Pattern discovery applies methods and algorithms from different fields such as statistics, data mining, machine learning, etc., to the prepared data. By applying the statistical techniques to the Web usage data, some useful statistics about the users’ browsing behavior can be obtained, e.g., the average view time of a page, and the most frequently accessed pages, etc. By applying clustering (a.k.a., unsupervised learning) to the usage data, groups of users which exhibit similar browsing behavior can be found. Such knowledge is useful for market segmentation and personalization. The focus here is on discovering traversal patterns from the Web usage data.
A traversal pattern is a list of pages visited by a user in one session. Several different traversal patterns and the corresponding methods of discovering them have been proposed in the literature, namely, Association Rules, Sequential Patterns, Frequent Episodes, Maximal Frequent Forward Sequences, and Maximal Frequent Sequences. The details about each type of traversal pattern are described in the following section.

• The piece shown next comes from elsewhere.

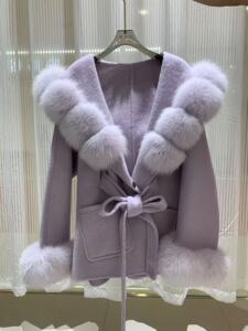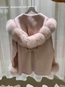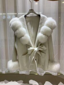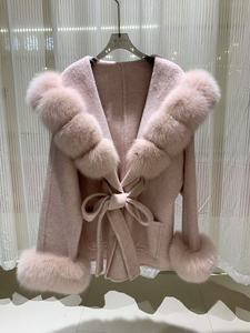 秋冬新款双面呢羊毛大衣女中长款狐狸毛连帽款糸腰带时尚洋气

TRAVERSAL PATTERNS AND DISCOVERING METHODS

Association Rules

Association rules were originally proposed for market basket data (Agrawal et al., 1993; Agrawal and Srikant,1994). Association rules describe the associations among items bought by customers in the same transaction, e.g., 80% of customers who bought diapers also bought beer in some store.
To mine association rules from the transactions, there are two steps: first finding the frequent item sets, and then generating association rules from the frequent item sets. Since the second step is straightforward compared to the first one, the research focus is on the first step. An item set (or itemset for short) is frequent, if the support for the itemset is not less than some predefined threshold. The support for an itemset in a database of transactions is defined as the percentage of the transactions that contain the itemset.

Sequential Patterns

Sequential patterns (Srikant and Agrawal, 1997) were also originally proposed for market basket data. For example, customers buy a digital camera, then a photo printer, and then photo papers. Such sequential patterns capture the purchasing behavior of customers over time.
Sequential patterns have also been applied to Web logs (Buchner et al., 1999; see also Spiliopoulou, 2000; Pei et al., 2000). The sessions are ordered by the user id and the access time. As for association rules, the duplicate pages are discarded. Then for each user, there is a user sequence, which consists of all sessions of the user. A sequential pattern is a maximal sequence of itemsets whose support is not less than some predefined threshold. A sequence is maximal if it is not contained in any other sequence. The support of a sequence is the percentage of user sequences that contain the sequence.
Algorithm AprioriAll was proposed in Srikant and Agrawal (1995) for finding all sequential patterns given some support threshold. AprioriAll was then improved by Generalized Sequential Patterns (GSP) (Srikant and Agrawal, 1996). Traversal patterns were generalized to allow time constraints, sliding time window, and user-defined taxonomy.

Frequent Episodes

Frequent episodes were originally proposed for telecommunication alarm analysis (Mannila et al., 1997). Episodes are collections of events, which occur together within some time window. In general, they are partially ordered sets of events. There are two special types of episodes: parallel episodes and serial episodes. They differ in whether the events in the episodes are ordered. In parallel episodes the events are not ordered, while in serial episodes the events are ordered sequential. An episode is frequent if it occurs in the event sequence not less than some predefined threshold.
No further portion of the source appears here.